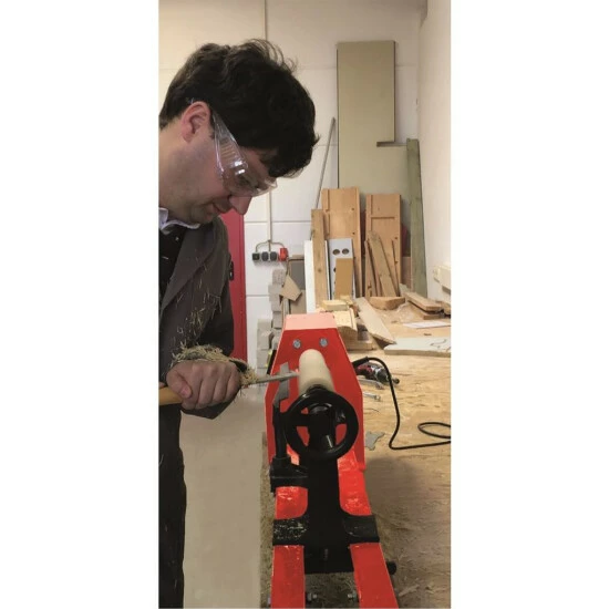 Mit der Drechselbank TC-WW 1000 lassen sich vielfältige hochwertige Drechselarbeiten wie Säulen, Schalen oder Ringe präzise und sicher ausführen. Durch den geteilten Führungsrahmen kann die Drechselmaschine einfach auf eine vorhandene Werkbank montiert werden. Der laufruhige 350-Watt-Motor und der langlebige, 4-fach verstellbare Keilriemenantrieb ermöglichen eine optimale Anpassung der Drechselgeschwindigkeit an das Material des Drechselgutes. Der Stirnmitnehmer und der Reitstock mit mitlaufender Spindelspitze nehmen lange Werkstücke bis 1000 mm sicher auf und an der mitgelieferten Planscheibe können plane Werkstücke mit einem Durchmesser bis 356 mm sicher montiert werden. Die stabile Werkzeugauflage und der robuste Führungsrahmen sorgen jederzeit für die beste Handhabung der Drechseleisen. Für eine sichere Bedienung sorgt ein Sicherheitsschalter im Keilriemengehäuse, der beim Öffnen der Gehäuseklappe die Stromversorgung unterbricht.
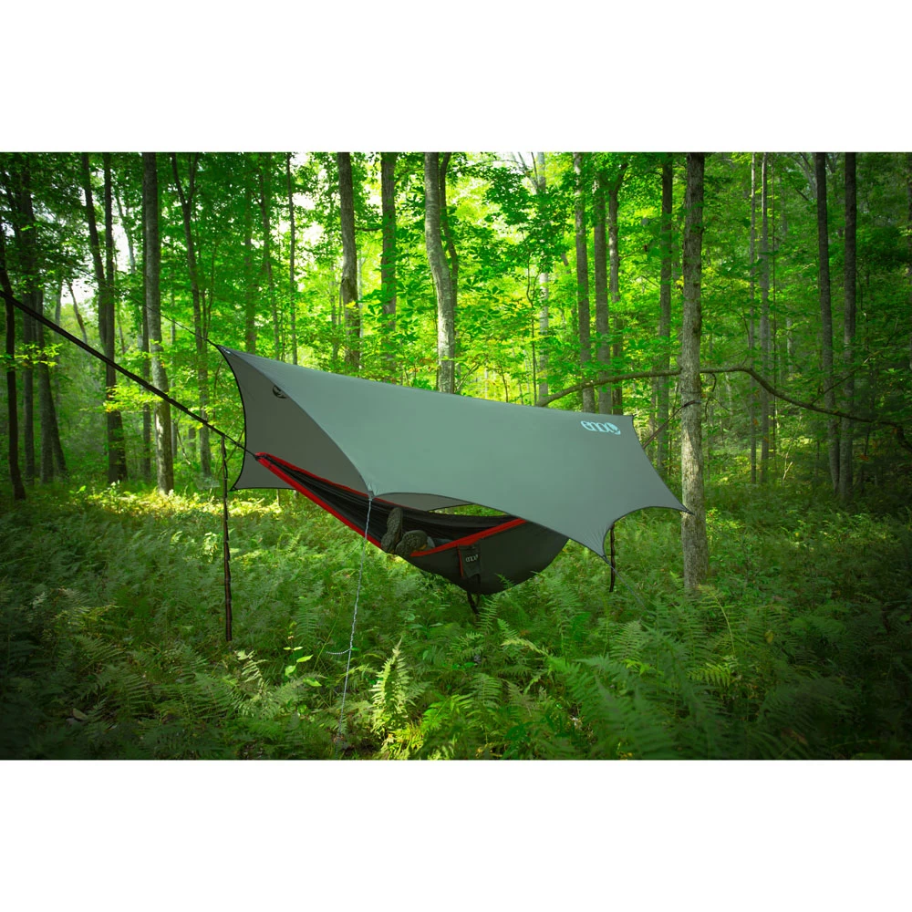 When a squall comes a-blowin’ through, you’ll be glad you’ve got the Eno DryFly at the ready. Its 8-point guy system and ample footprint make it perfect to withstand a gale. Stay out of the rain and rest easy knowing your tarp will still be there once the storm passes.
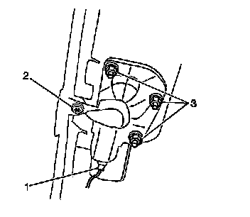 7. Disconnect the window bracket to actuator arm (1) by loosening screw (2).
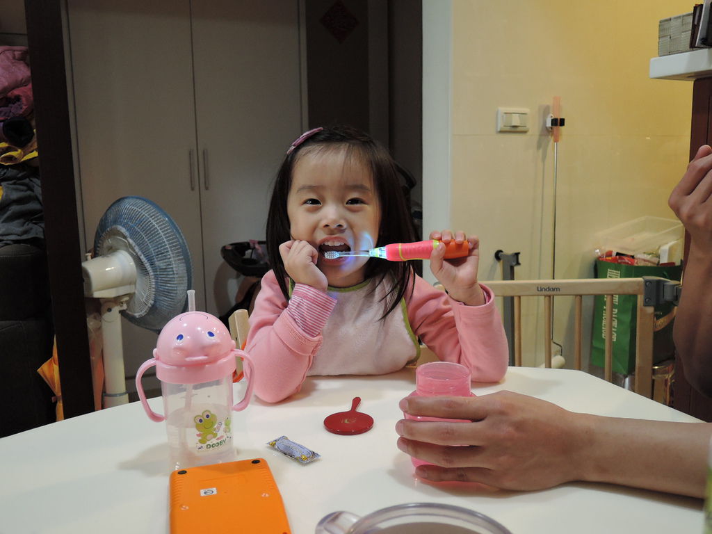 原則上用電動牙刷的時候...我們都是由大人幫芸芸刷牙...
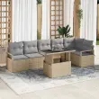 vidaXL Vrtna sedežna garnitura z blazino 7 pcs Bež Poly ratan
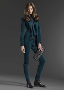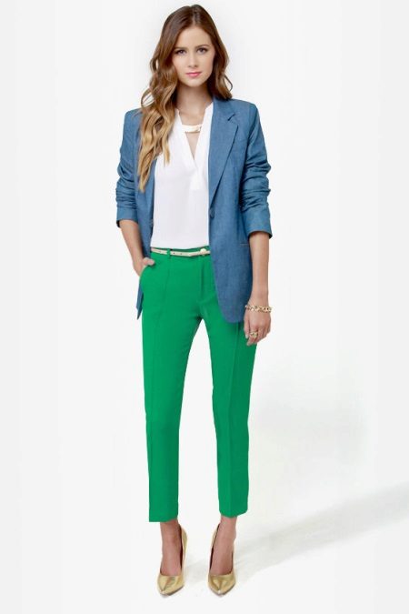 Another option, where straight green shortened trousers were also used, is more interesting. A white shirt is replaced by a V-neck blouse, under which a gold-plated necklace is put on, which looks very beautiful from under the blouse, and on top is a blue jacket. It's amazing how well this blue and green blends! And at the same time, gold jewelry, bracelets and a thin belt, are in harmony with the same gold boats.
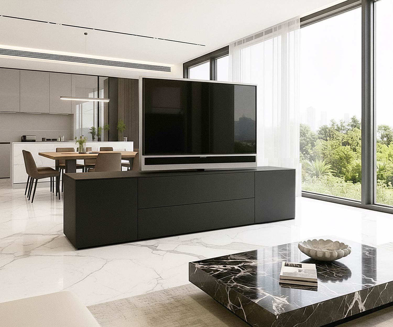 Das drehbare TV-Paneel hat unser Wohnzimmer in einen flexiblen Raum verwandelt, der jetzt viel lebendiger wirkt.
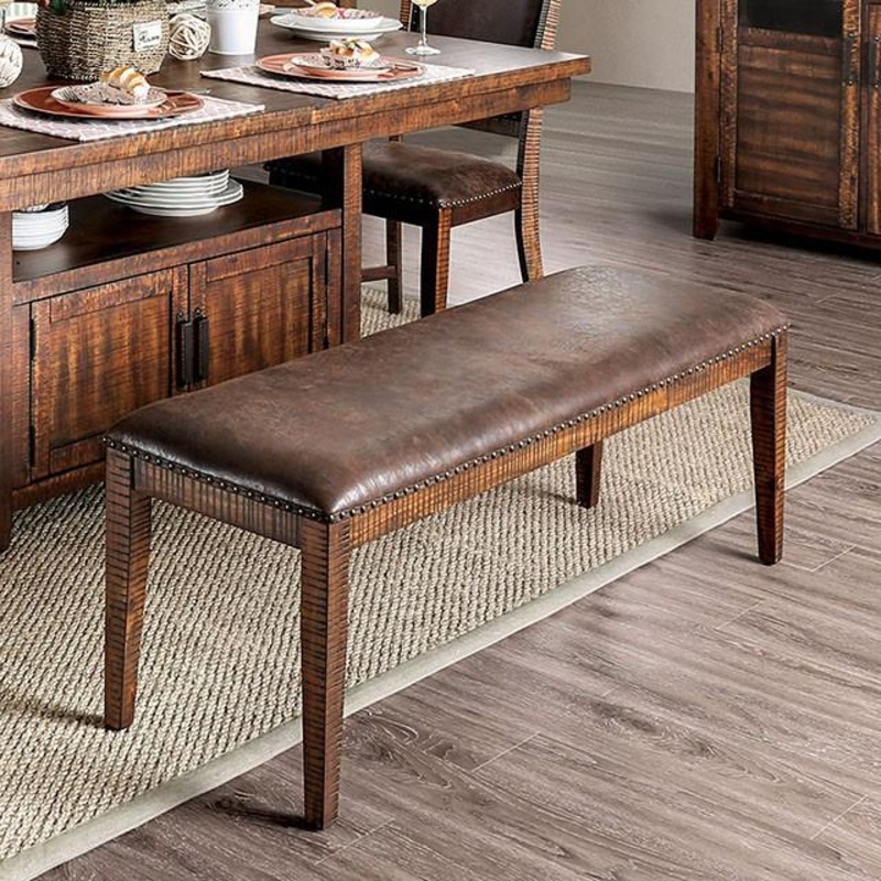 Wichita Light Walnut Bench, 52"L X 16"W X 18 3/4"H, 33lbs. This dining set keeps everyone at the table and comfortably eating dinner. Padded leatherette seating keeps people cozy. A matching server table completes the rustic allure. Features: Padded Leathe
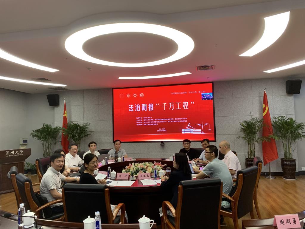 、嘉兴学院中国共同富裕研究院主办,浙江省法学会共同富裕法治研究中心、浙江省法学会三农法治研究会承办的“共同富裕法治保障”学术沙龙第3期之“法治助推‘千万工程’”在温州大学岩松堂展示厅举行。来自浙江农林大学、嘉兴学院、温州大学、浙江万里学院等高校的专家学者齐聚一堂,以线下和线上相结合的方式,共同研讨通过法治化的路径推进“千万工程”,推动乡村振兴和农村共同富裕。
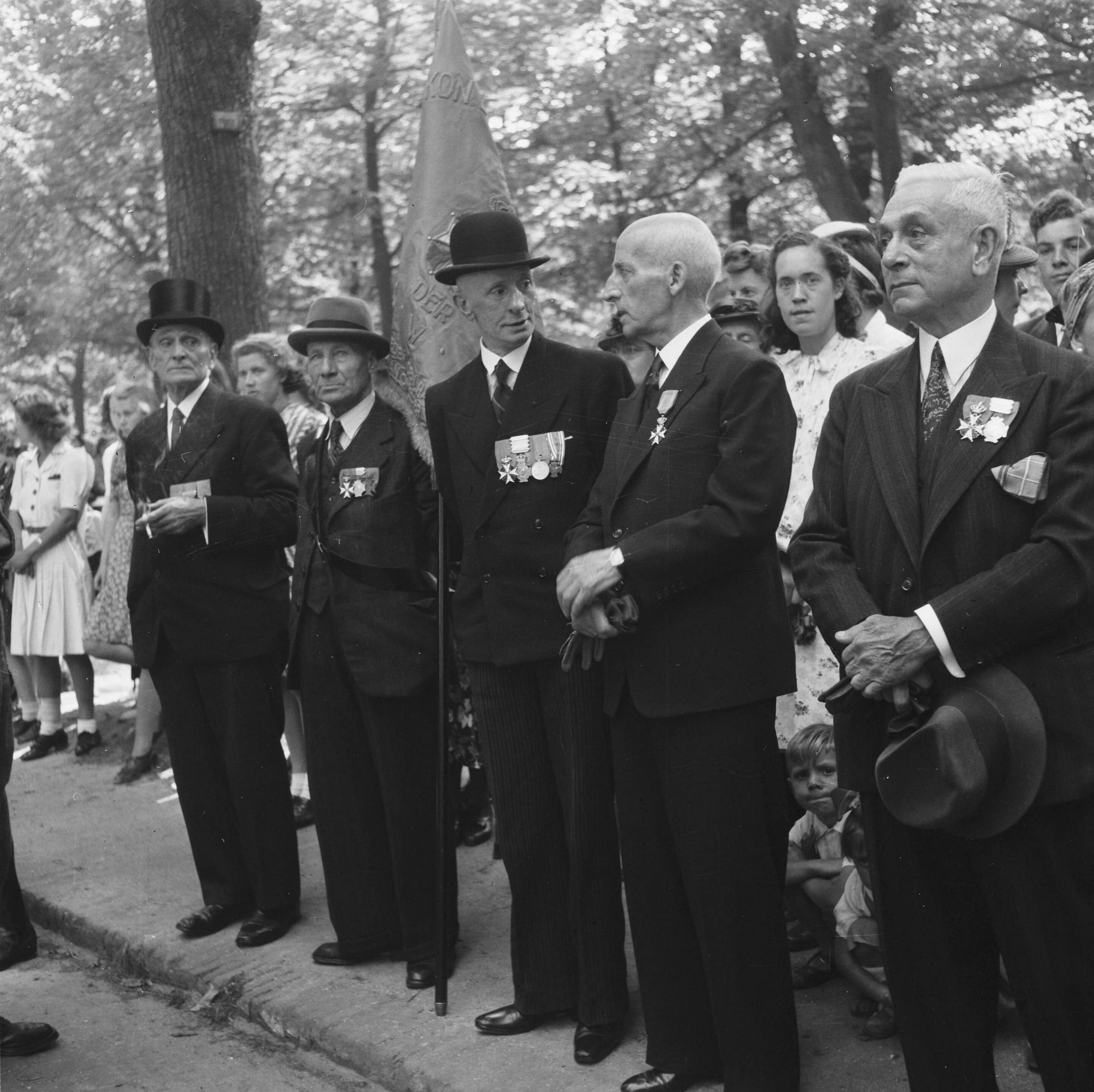 Parade over het Lange Voorhout. Heren in burgerkleding met onderscheidingen op hun borst

• • •

**About this task**
Extract from the material above the stretch running from the line containing "vidaXL Vrtna sedežna" through the line containing "Wichita Light Walnut". Keep the text exact and the pictures out.

**Exercise result**
 vidaXL Vrtna sedežna garnitura z blazino 7 pcs Bež Poly ratan
 Another option, where straight green shortened trousers were also used, is more interesting. A white shirt is replaced by a V-neck blouse, under which a gold-plated necklace is put on, which looks very beautiful from under the blouse, and on top is a blue jacket. It's amazing how well this blue and green blends! And at the same time, gold jewelry, bracelets and a thin belt, are in harmony with the same gold boats.
 Das drehbare TV-Paneel hat unser Wohnzimmer in einen flexiblen Raum verwandelt, der jetzt viel lebendiger wirkt.
 Wichita Light Walnut Bench, 52"L X 16"W X 18 3/4"H, 33lbs. This dining set keeps everyone at the table and comfortably eating dinner. Padded leatherette seating keeps people cozy. A matching server table completes the rustic allure. Features: Padded Leathe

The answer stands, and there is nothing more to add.